469 Bethnal Green Road, a former textile factory and warehouse built in the 1970s, is a brick building that once seemed too ordinary to notice. Its ground-floor openings were bricked up creating a dysfunctional and scary street corner, its facade inert, and its presence muted, but it embodied the rugged utilitarian character that defines this stretch of high street.

Carmody Groarke, a London-based architecture firm, has added three new stories, more than doubling its size, and wrapped these additions in a galvanized steel. Both street-facing facades, with previously blank walls now have floor-to-ceiling glazing, and the brickwork has been painted in a gray hue of the steel, opening the interior to the street and restoring a sense of safety and invitation. This is an experiment in whether transparency can transform a place that once repelled passerby. When I walked past last year, just after the fencing came down, its new look was already scarred by graffiti and cracked glass, issues that were quickly fixed as the ground floor gets ready to welcome its tenant, a new cafe from the team behind Exmouth Coffee Company.

Carmody Groarke’s confidence with galvanized steel goes back to its 2012 studio for sculptor Antony Gormley. That early exploration, said cofounder Kevin Carmody, set the tone for Bethnal Green Road: “One really interesting thing about galvanizing is that it’s seen as an industrial process. It’s an incredibly robust way to stop oxidization in steel, but to maintain that authenticity, that robustness of this thin layer of galvanizing, you need to pre-drill everything.” It is this precision that elevates the industrial look to something much more refined. “Some panels almost have a grain, like quarried stone; that is all entirely dictated by the bath’s temperature and chemical reaction,” he added. Tower Hamlets planners were unconvinced, rejecting the scheme for its extra height and concerns “that galvanized steel has the potential to appear very crude”, but subsequently overturned at appeal.
Now complete, the folded, spangled skin—each panel pre-drilled and dipped exactly as Carmody Groarke specified—wraps the 3-story addition and recasts the once-anonymous warehouse as a quietly different addition to Bethnal Green Road, but one that evolves out of its former image.
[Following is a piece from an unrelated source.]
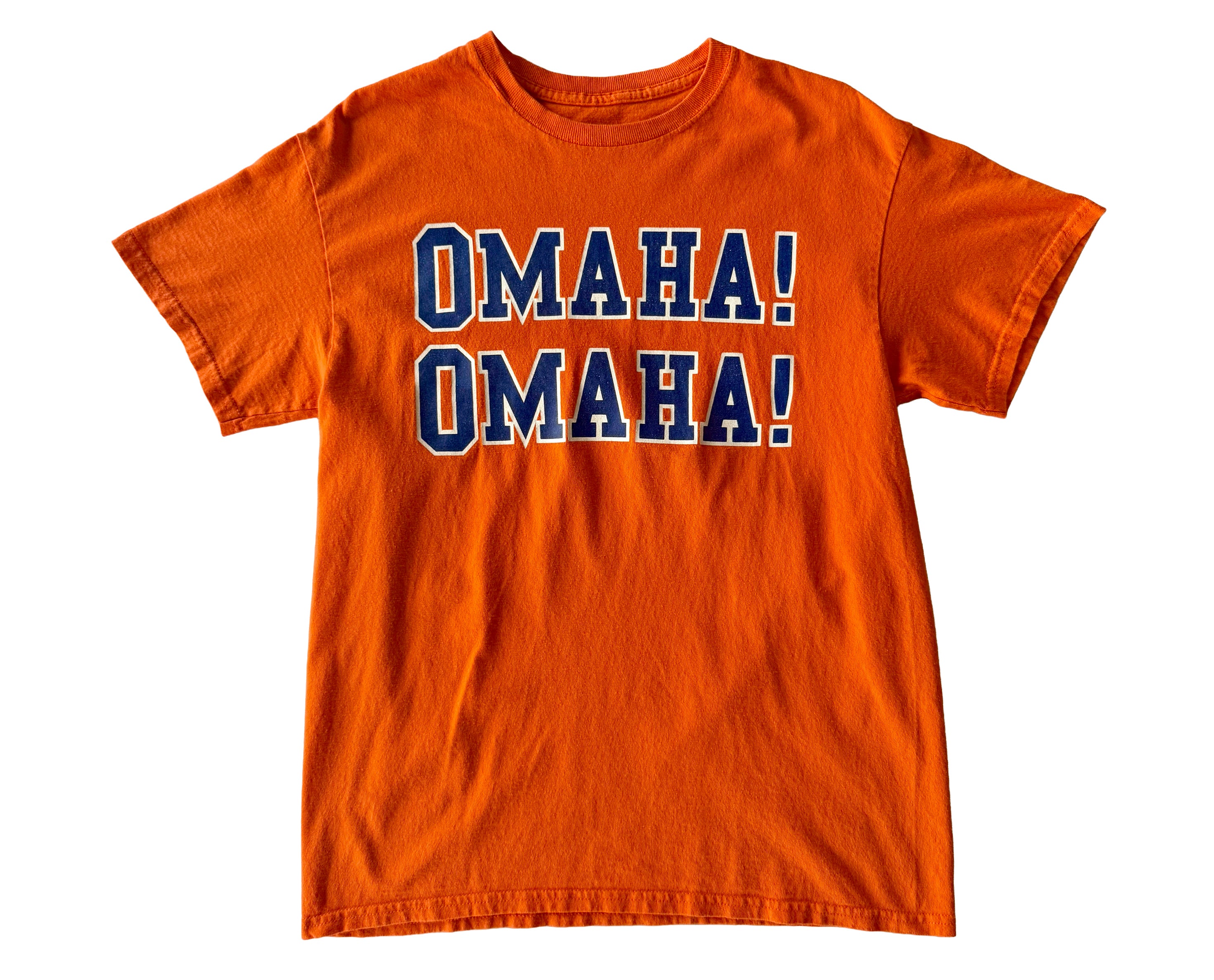 This bold orange “Omaha! Omaha!” t-shirt brings instant energy with its double shout design, a phrase forever linked to American football legend Peyton Manning’s famous play-calling. The vibrant orange base with navy and white block lettering makes it a standout piece, perfect for fans of the game or anyone who loves statement tees. Made by Point Sportswear from 100% cotton, this shirt offers a soft and breathable fit that works well for casual wear, sports events, or layering. With its clean print and classic short sleeve style, it’s a nostalgic nod to gridiron culture and an eye-catching piece for everyday wear.

Retaining the 1970s shell, an inset steel frame works like a permanent prop: It shortens the original beam spans while taking the new floors’ loads, letting the old and new structures read side-by-side instead of replacing the existing frame, and skirting the subsoil which is owned by Transport for London from nine meters (29.5 feet) below the site.
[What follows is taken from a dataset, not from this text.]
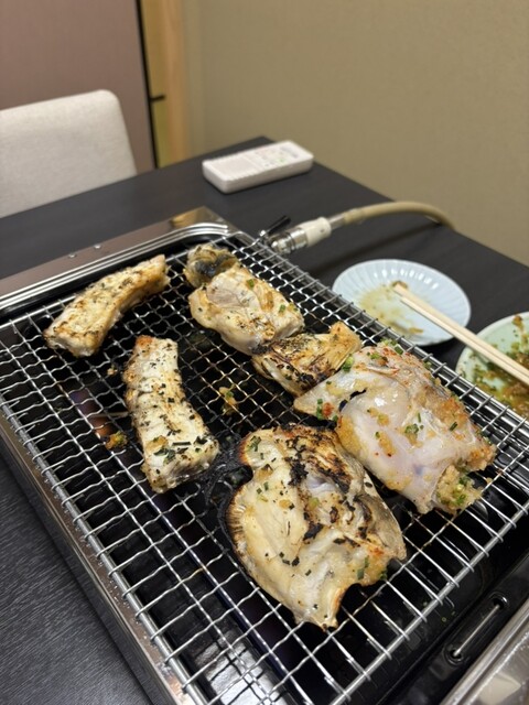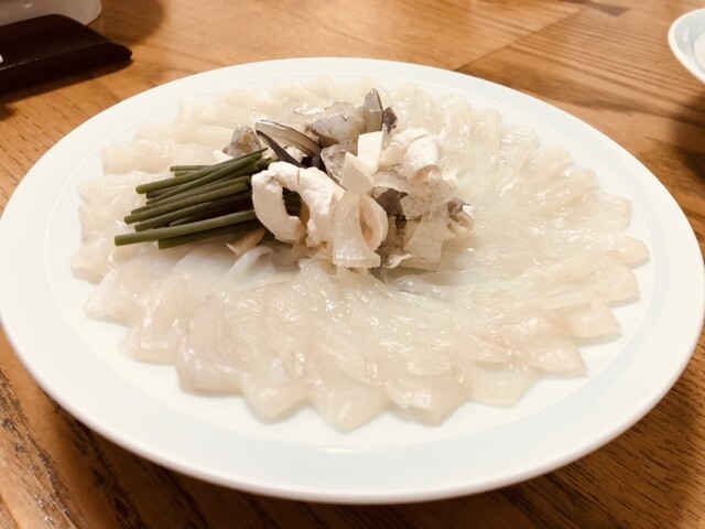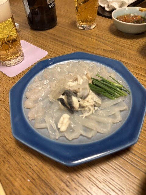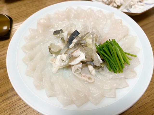 まずはてっさやフグの唐揚げ、にこごり、焼きフグなどをいただきました。てっさがおい...

The structure is a composite of old, new, steel, concrete, and timber. It reveals a curious material culture as this interaction varies rising up the floors. Original clay pot floors are exposed on the first floor between the existing concrete structure and new services.
“It’s a very utilitarian construction method, nothing particularly pretty, and not done in a loving way, but there’s a kind of honesty to it,” said project architect Jerome Wren. Inside, new Douglas Fir joists span perpendicular to the existing structure, introducing timber into the hybrid frame. The timber had originally been specified as double sections, but the contractor unexpectedly sourced solid core square beams. “We absolutely jumped at it,” said structural engineer Nina Heavyside from Davies Maguire. “It’s like an old oak beam—it cracks, and that’s part of its behavior. Moisture control is difficult, but this kind of movement is designed in.”
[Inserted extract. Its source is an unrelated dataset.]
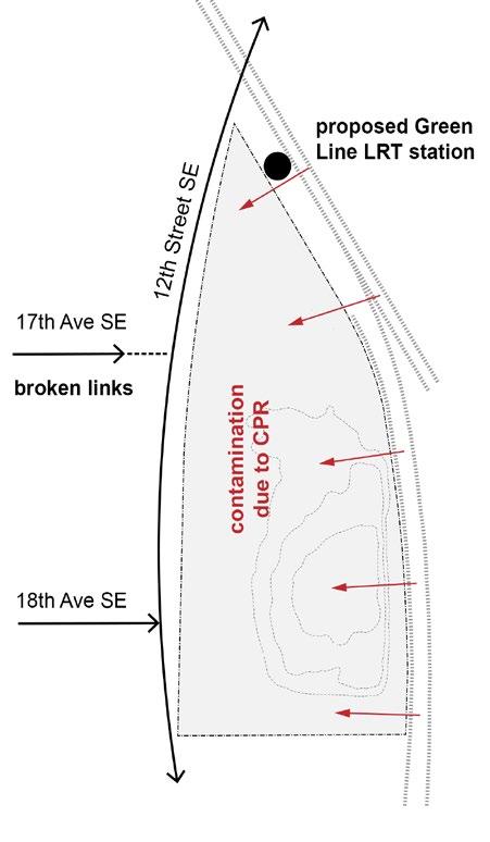 Ramsay and Inglewood are an eclectic neighbourhoods situated in the south-eastern part of the Canadian city of Calgary, Alberta. On one hand, they boast rich architectural history, a strong artisan community, and house some of the best breweries in Calgary. On the other hand, the neighbourhoods are heavily fragmented by the Central Pacific Railway Line (CPR), at the centre, which has pushed all the significant green spaces to the periphery, along the Bow and the Elbow River. With the upcoming Green Line Light Rail Transit (LRT), the neighbourhood will experience an unprecedented growth and development, which could impact the ecological footprint, if not addressed well in advance.

In the new floors, the simplicity of the new steel and Douglas Fir gives a more contemporary feel—a gradual shift that reflects the building’s transformation, floor by floor, from industrial relic to considered retrofit. A continuous ribbon of windows slide between galvanized fins on the new floors, framing horizontal panoramas impossible before on two sides, and on a third in obscured glazing to allow light in and prevent overlooking of the adjoining neighbor. From desks you look east—across a scatter of chimney-pots, signal gantries, and rattling Overground trains—at a moving diorama of London industry old and new, its textures echoed in the silvery spangle outside. At night, the glazing glows, turning former storage floors into a lantern. There is a resilience to this aesthetic: The finishes are exposed, raw, and exactly what they need to be—nothing hidden, nothing wasted.
Ellen Peirson is a London-based writer, editor, and designer.